Work to complete: Quote exactly, and only, the lines from the one containing "Installation view of" through the end of the material below. Skip pictures.

Supplied information:
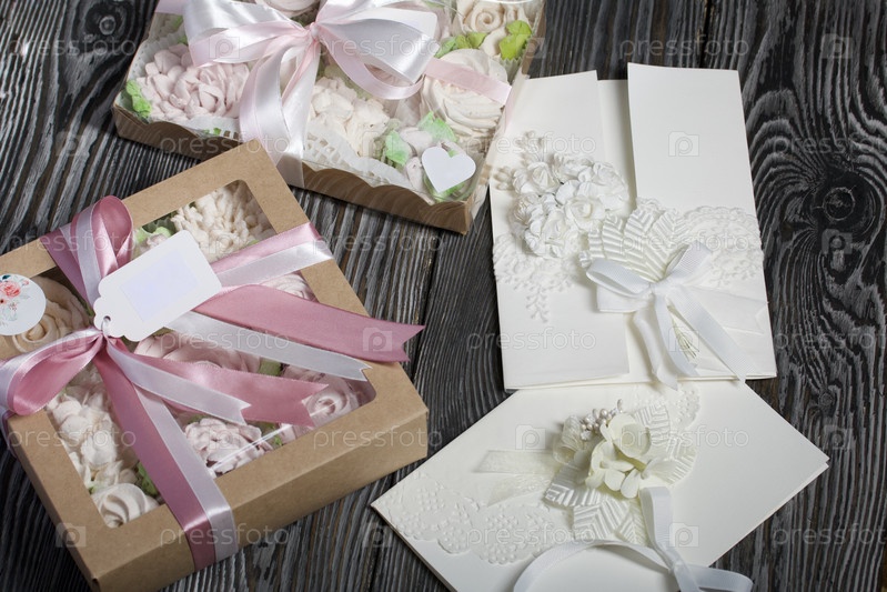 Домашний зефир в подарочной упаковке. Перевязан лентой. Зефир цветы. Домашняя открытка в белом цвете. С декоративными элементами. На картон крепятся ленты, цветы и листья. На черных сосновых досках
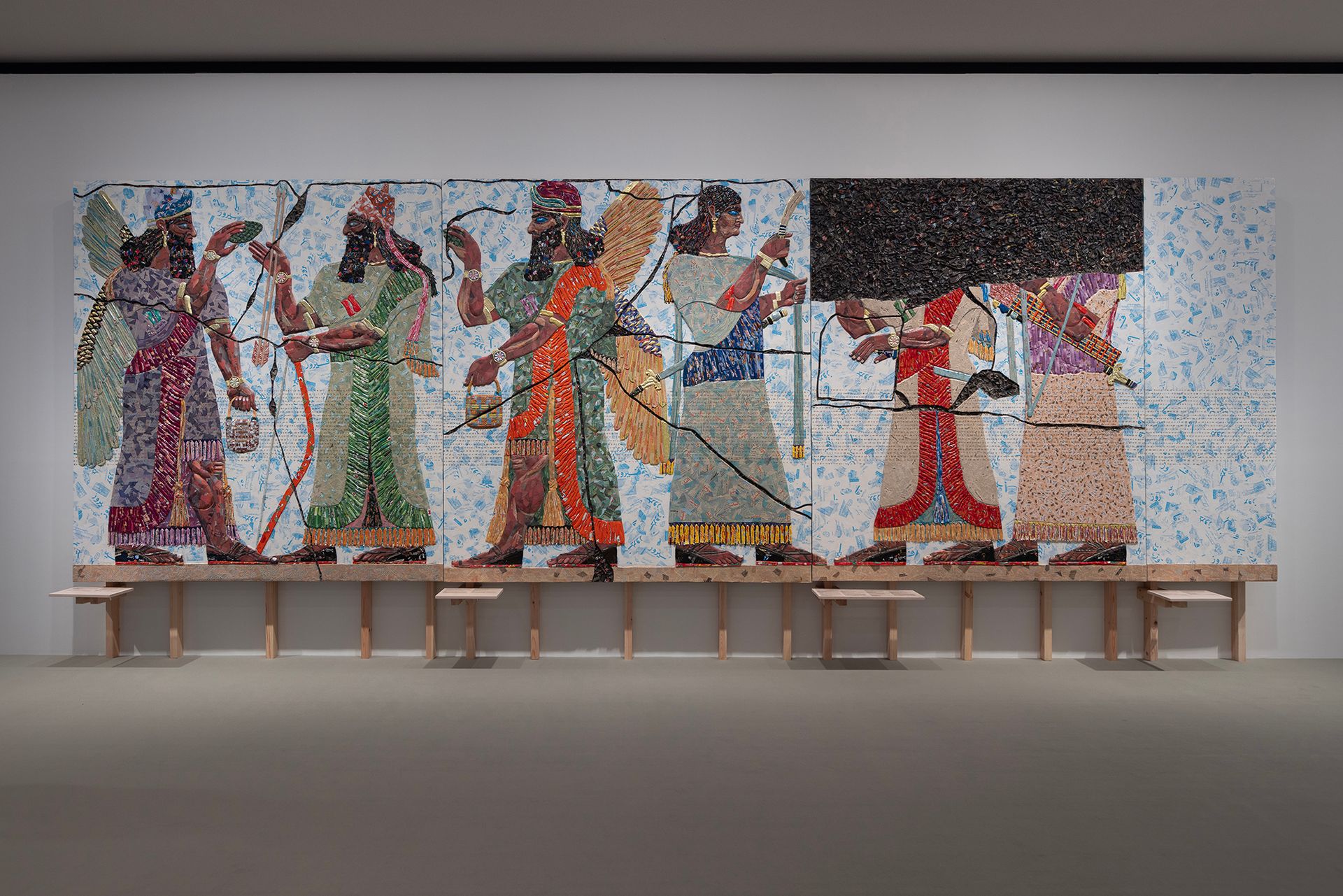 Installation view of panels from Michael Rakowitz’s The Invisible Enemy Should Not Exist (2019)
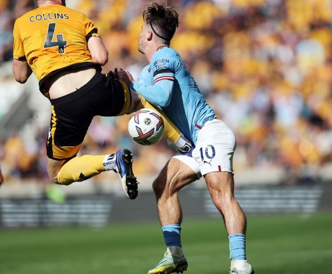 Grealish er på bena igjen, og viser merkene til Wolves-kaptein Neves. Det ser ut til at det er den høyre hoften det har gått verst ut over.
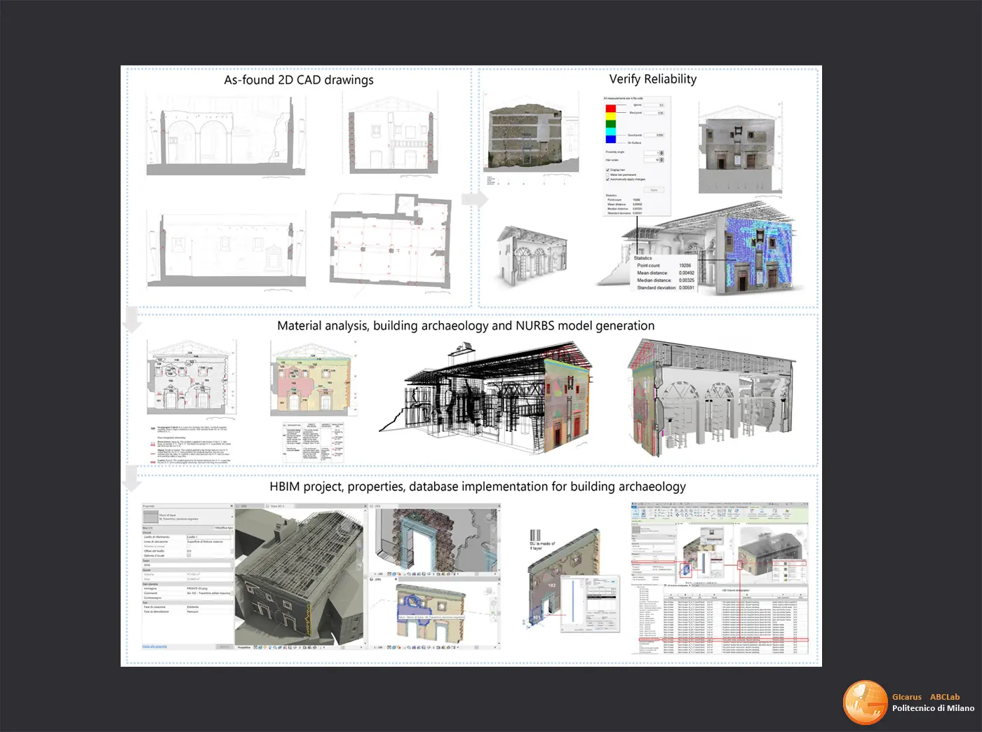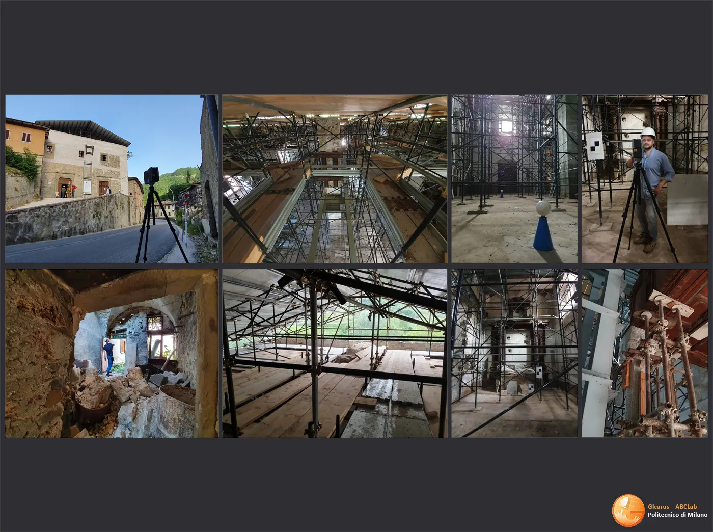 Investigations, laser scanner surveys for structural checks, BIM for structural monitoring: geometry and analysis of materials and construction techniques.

Answer area:
 Installation view of panels from Michael Rakowitz’s The Invisible Enemy Should Not Exist (2019)
 Grealish er på bena igjen, og viser merkene til Wolves-kaptein Neves. Det ser ut til at det er den høyre hoften det har gått verst ut over.
 Investigations, laser scanner surveys for structural checks, BIM for structural monitoring: geometry and analysis of materials and construction techniques.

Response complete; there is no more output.